**INSTRUCTIONS FOR THE TASK:**
Line by line, repeat the material below exactly and leave the images out.

**RECORDS FOR THIS EXERCISE:**

==================================================

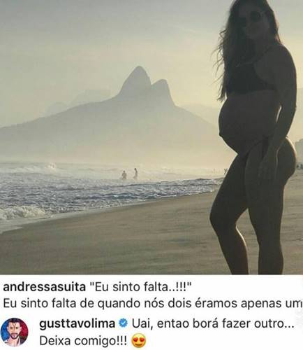 Minutos depois do post, Gusttavo Lima deixou um comentário pra lá de divertido para a esposa e afirmou que está pronto para ser papai de novo: “Uai, então borá fazer outro…Deixa comigo!”.
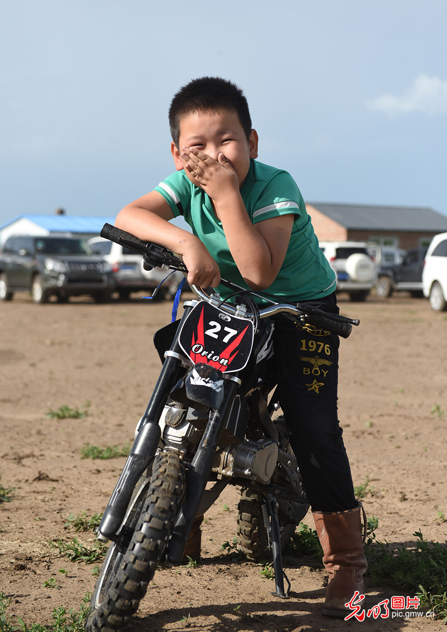 其日麥拉圖的大孫子時(shí)常會(huì)來爺爺家。對他而言,胯下的兒童玩具車就是他的“駿馬”,爺爺家的牧場就是他的后花園。圖為2020年8月2日,其日麥拉圖的孫子在牧場玩耍。(潘迪攝/光明圖片)
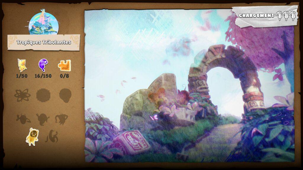 En haut à droite, le mot « Chargement » s’affiche, accompagné d’un petit effet visuel avec des plumes animées. Les temps de chargement sont relativement courts, ce qui rend l’attente peu frustrante et heureusement, ils ne sont pas très fréquents.
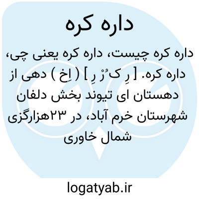 داره کره. [ رِ ک ُرْ رِ ] ( اِخ ) دهی از دهستان ای تیوند بخش دلفان شهرستان خرم آباد، در 23هزارگزی شمال خاوری نورآباد و 15هزارگزی خاور راه شوسه خرم آباد به کرمانشاه، کوهستانی، سردسیر و مالاریائی، دارای 120 تن سکنه است. آب آن از چشمه ها، محصول آنجا غلات و لبنیات، شغل اهالی زراعت و گله داری و صنایع دستی زنان سیاه چادر بافی است. راه آن مالرو و ساکنین از طایفه تیوند هستند و درزمستان قشلاق میروند. ( فرهنگ جغرافیایی ایران ج 6 ).
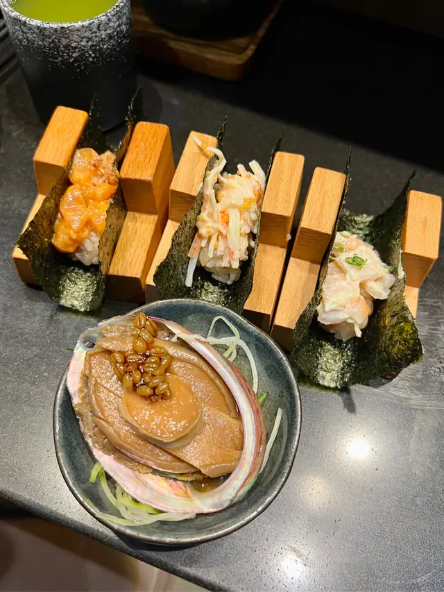 烏賊新鮮彈牙,黑松露香氣濃郁,配上海苔超夾!🍴 入口滑嫩又高級,開胃之選!
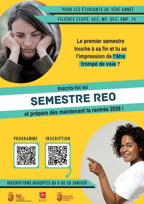 S'adressant aux étudiants de 1ère année de l'IUT du Creusot et du Centre Universitaire Condorcet, le semestre REO est un semestre alternatif allant de février à mai. Son but : aider ceux qui souhaitent quitter leur formation à repartir sur de bonnes bases l'an suivant.
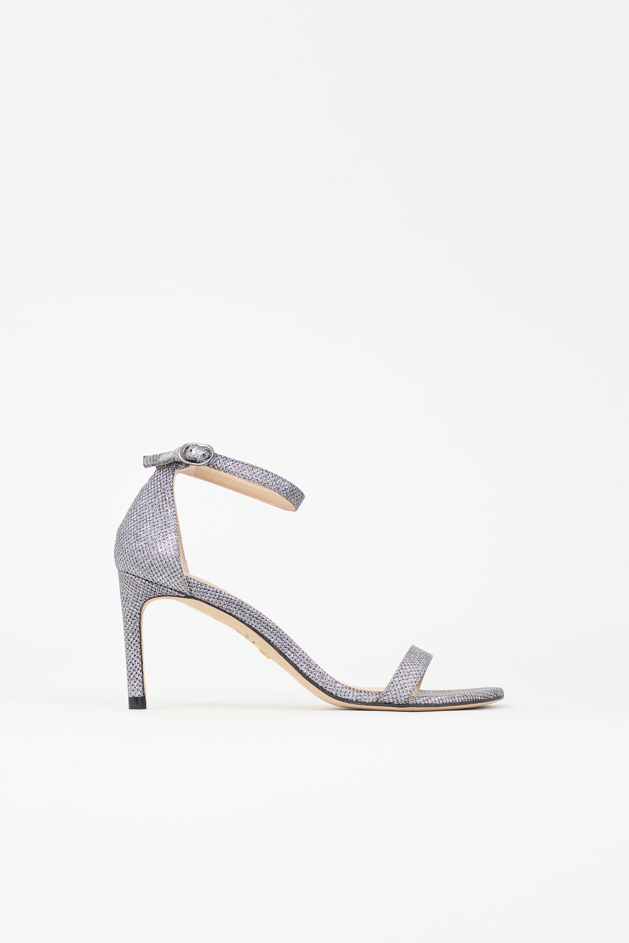 Pre-owned Stuart Weitzman silver glitter Nudist sandals featuring open rounded toe, adjustable ankle strap, and stiletto heel. Includes original dust bag.
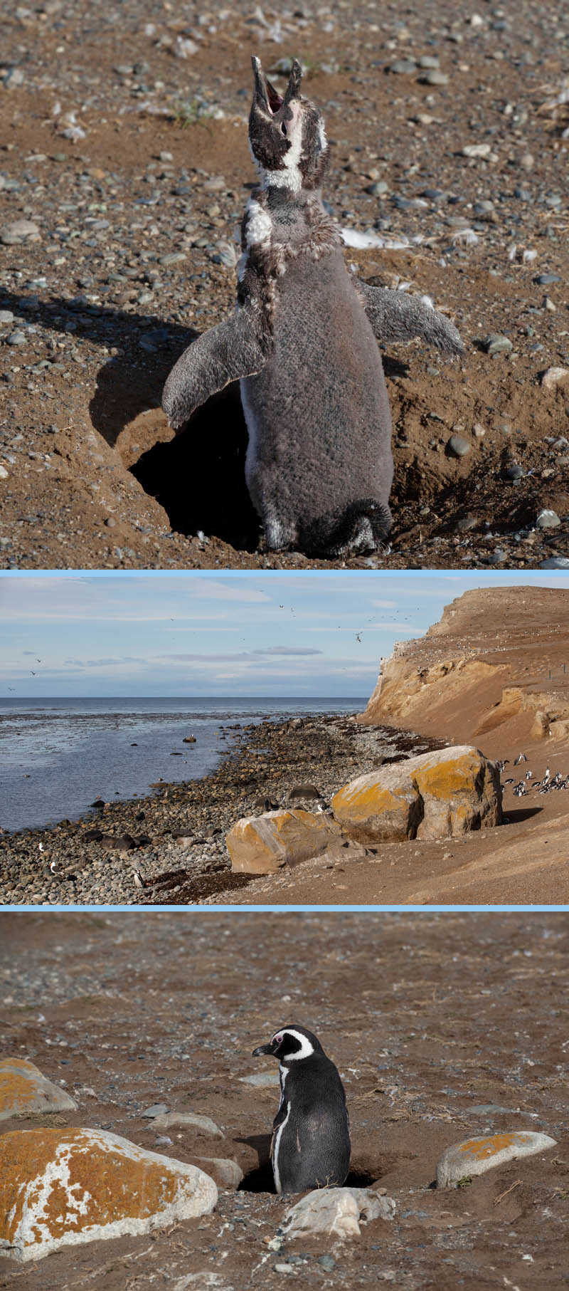 на острове Магдалены летом находится колония магелланских пингвинов - примерно 70 тыс. птиц. там они выводят потомство, а ближе к середине марта уплывают на север зимовать в более тёплых краях. эти пингвины снега не видят... оказалось, что они с удовольствием поют - это совершенно особенное зрелище :) на первом снимке птенец как раз в момент экстаза кульминации своей арии.
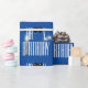 White Happy Birthday texto sobre fundo azul com balões pretos, confete, faíscas e vela. A cor de fundo pode ser alterada.
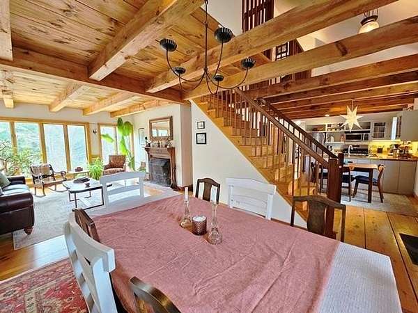 Set on 14.1 +/- stunning acres in a picturesque country setting, this Sullivan expanded Cape built in 1985 offers charm, privacy, and functionality. Surrounded by rolling pasture, mature woods, and classic New England stone walls lined with maple trees, the property features a fully functioning sugar shack—perfect for making your own syrup! Inside, the post-and-beam design showcases exposed beams, wide pine floors, and warm natural light throughout the main level. The spacious living room overlooks a private backyard oasis with hot tub, ideal for relaxing or entertaining. The country-style kitchen is both inviting and practical. The flexible layout includes three bedrooms, each with its own bath, and the option for a first- or second-floor primary suite. Large enclosed porch for gatherings and relaxing afternoons. Additional rooms provide great space for a home office, guests, or hobbies. Passive solar design enhances efficiency and comfort year-round. The walkout lower level offers a mostly finished recreation room, additional sleeping area perfect for guests, and workshop space. A large two-bay garage with second-story storage adds versatility. Outside, enjoy abundant gardening space, a chicken coop, and open land perfect for recreation or animals, all in a peaceful, private setting. Multiple sources of heating including oil fired boiler, new heating/AC electric pump system, wood fireplace and woodstove and passive solar. Recently added Central Air! A truly special property offering space, character, and tranquility. No closing prior to June 1, 2026.
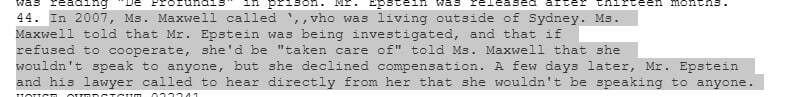 🇺🇸🇦🇺⚡- Convicted child sex offender Ghislaine Maxwell threatened Virginia Giuffre if she testified or cooperated, saying "she would be taken care of." Giuffre at the time was living just "outside Sydney." A few days later, Jeffrey Epstein called to hear from Giuffre directly
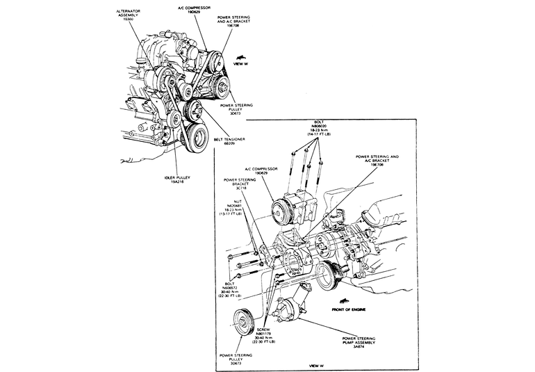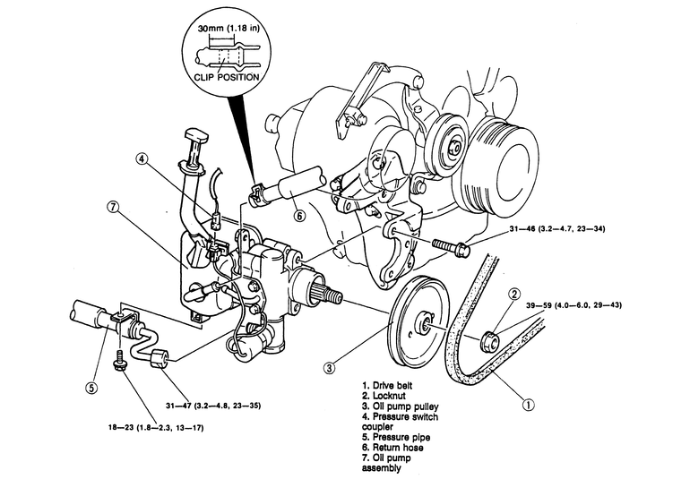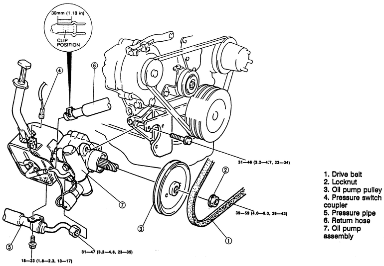 | Fig. 1: Exploded view of the power steering pump used on the 3.0L engine |
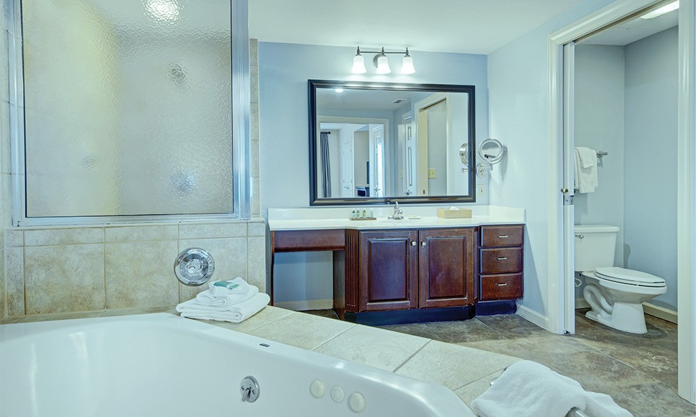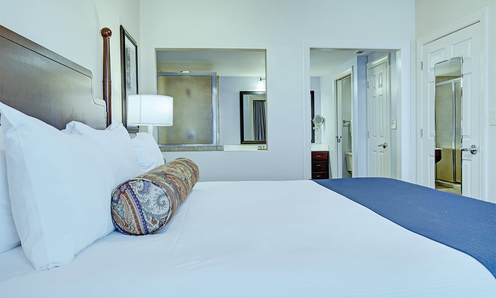 At Wyndham Old Town Alexandria, these spacious one-bedroom resort suites comfortably sleep four guests. Suites feature a private master bedroom with one king bed and a queen sleeper sofa in the living area. You will appreciate the privacy of separate bedrooms and the economy of a mini kitchen. You will also enjoy separate living/dining areas with TVs throughout.
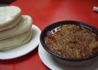 把猪肉漂洗干净,剔除排骨,将肉切成约6.6厘米长、0.6厘米厚的片,排骨剁成约1.6厘米长的块,一起放入盆中。大米用水浸泡4小时,碾成米糁。在辣子酱里掺入清水,和匀,用细竹筛过滤后,与精盐、五香粉、料酒、姜末、甜面酱、大米糁搅拌均匀,随后和肉片、排骨搅拌在一起备用。
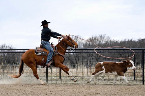 Denny is ready to go in any direction: heading, heeling, tie down, or breakaway. He is solid in the box, leaves flat, naturally quick footed and has a big, powerful stop. Roping has come very naturally to him, and he tracks livestock confidently.
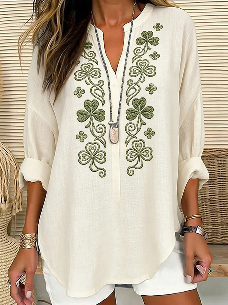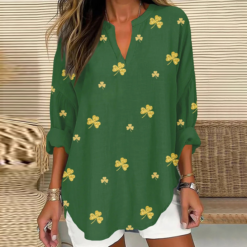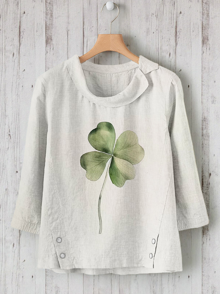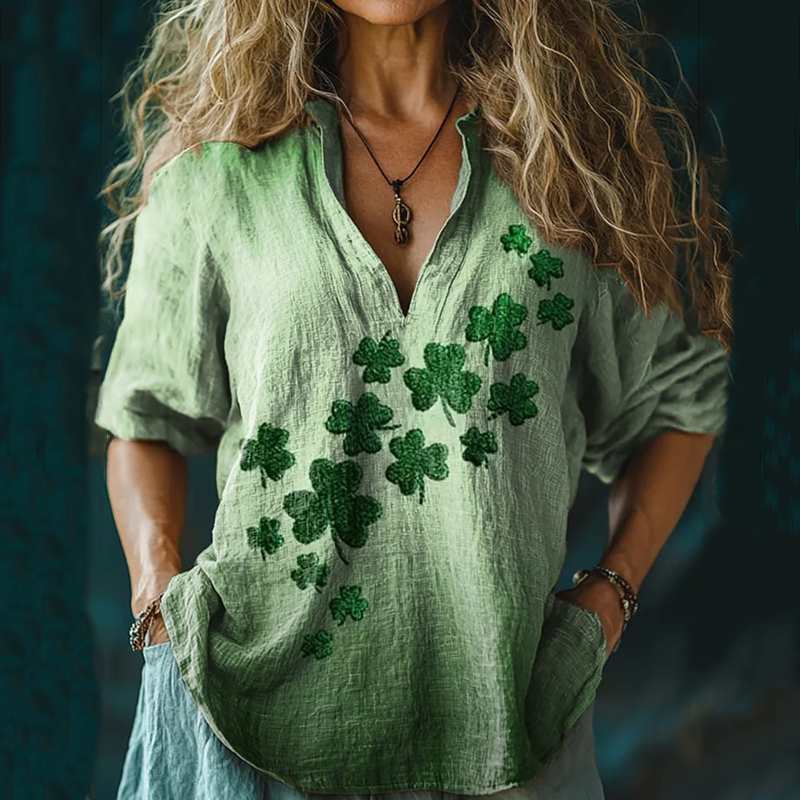 Women's Casual Loose Cotton And Linen St. Patrick's Shamrock Print Shirt

==================================================

**WRITTEN SOLUTION:**
 Minutos depois do post, Gusttavo Lima deixou um comentário pra lá de divertido para a esposa e afirmou que está pronto para ser papai de novo: “Uai, então borá fazer outro…Deixa comigo!”.
 其日麥拉圖的大孫子時(shí)常會(huì)來爺爺家。對他而言,胯下的兒童玩具車就是他的“駿馬”,爺爺家的牧場就是他的后花園。圖為2020年8月2日,其日麥拉圖的孫子在牧場玩耍。(潘迪攝/光明圖片)
 En haut à droite, le mot « Chargement » s’affiche, accompagné d’un petit effet visuel avec des plumes animées. Les temps de chargement sont relativement courts, ce qui rend l’attente peu frustrante et heureusement, ils ne sont pas très fréquents.
 داره کره. [ رِ ک ُرْ رِ ] ( اِخ ) دهی از دهستان ای تیوند بخش دلفان شهرستان خرم آباد، در 23هزارگزی شمال خاوری نورآباد و 15هزارگزی خاور راه شوسه خرم آباد به کرمانشاه، کوهستانی، سردسیر و مالاریائی، دارای 120 تن سکنه است. آب آن از چشمه ها، محصول آنجا غلات و لبنیات، شغل اهالی زراعت و گله داری و صنایع دستی زنان سیاه چادر بافی است. راه آن مالرو و ساکنین از طایفه تیوند هستند و درزمستان قشلاق میروند. ( فرهنگ جغرافیایی ایران ج 6 ).
 烏賊新鮮彈牙,黑松露香氣濃郁,配上海苔超夾!🍴 入口滑嫩又高級,開胃之選!
 S'adressant aux étudiants de 1ère année de l'IUT du Creusot et du Centre Universitaire Condorcet, le semestre REO est un semestre alternatif allant de février à mai. Son but : aider ceux qui souhaitent quitter leur formation à repartir sur de bonnes bases l'an suivant.
 Pre-owned Stuart Weitzman silver glitter Nudist sandals featuring open rounded toe, adjustable ankle strap, and stiletto heel. Includes original dust bag.
 на острове Магдалены летом находится колония магелланских пингвинов - примерно 70 тыс. птиц. там они выводят потомство, а ближе к середине марта уплывают на север зимовать в более тёплых краях. эти пингвины снега не видят... оказалось, что они с удовольствием поют - это совершенно особенное зрелище :) на первом снимке птенец как раз в момент экстаза кульминации своей арии.
 White Happy Birthday texto sobre fundo azul com balões pretos, confete, faíscas e vela. A cor de fundo pode ser alterada.
 Set on 14.1 +/- stunning acres in a picturesque country setting, this Sullivan expanded Cape built in 1985 offers charm, privacy, and functionality. Surrounded by rolling pasture, mature woods, and classic New England stone walls lined with maple trees, the property features a fully functioning sugar shack—perfect for making your own syrup! Inside, the post-and-beam design showcases exposed beams, wide pine floors, and warm natural light throughout the main level. The spacious living room overlooks a private backyard oasis with hot tub, ideal for relaxing or entertaining. The country-style kitchen is both inviting and practical. The flexible layout includes three bedrooms, each with its own bath, and the option for a first- or second-floor primary suite. Large enclosed porch for gatherings and relaxing afternoons. Additional rooms provide great space for a home office, guests, or hobbies. Passive solar design enhances efficiency and comfort year-round. The walkout lower level offers a mostly finished recreation room, additional sleeping area perfect for guests, and workshop space. A large two-bay garage with second-story storage adds versatility. Outside, enjoy abundant gardening space, a chicken coop, and open land perfect for recreation or animals, all in a peaceful, private setting. Multiple sources of heating including oil fired boiler, new heating/AC electric pump system, wood fireplace and woodstove and passive solar. Recently added Central Air! A truly special property offering space, character, and tranquility. No closing prior to June 1, 2026.
 🇺🇸🇦🇺⚡- Convicted child sex offender Ghislaine Maxwell threatened Virginia Giuffre if she testified or cooperated, saying "she would be taken care of." Giuffre at the time was living just "outside Sydney." A few days later, Jeffrey Epstein called to hear from Giuffre directly
 | Fig. 1: Exploded view of the power steering pump used on the 3.0L engine |
 At Wyndham Old Town Alexandria, these spacious one-bedroom resort suites comfortably sleep four guests. Suites feature a private master bedroom with one king bed and a queen sleeper sofa in the living area. You will appreciate the privacy of separate bedrooms and the economy of a mini kitchen. You will also enjoy separate living/dining areas with TVs throughout.
 把猪肉漂洗干净,剔除排骨,将肉切成约6.6厘米长、0.6厘米厚的片,排骨剁成约1.6厘米长的块,一起放入盆中。大米用水浸泡4小时,碾成米糁。在辣子酱里掺入清水,和匀,用细竹筛过滤后,与精盐、五香粉、料酒、姜末、甜面酱、大米糁搅拌均匀,随后和肉片、排骨搅拌在一起备用。
 Denny is ready to go in any direction: heading, heeling, tie down, or breakaway. He is solid in the box, leaves flat, naturally quick footed and has a big, powerful stop. Roping has come very naturally to him, and he tracks livestock confidently.
 Women's Casual Loose Cotton And Linen St. Patrick's Shamrock Print Shirt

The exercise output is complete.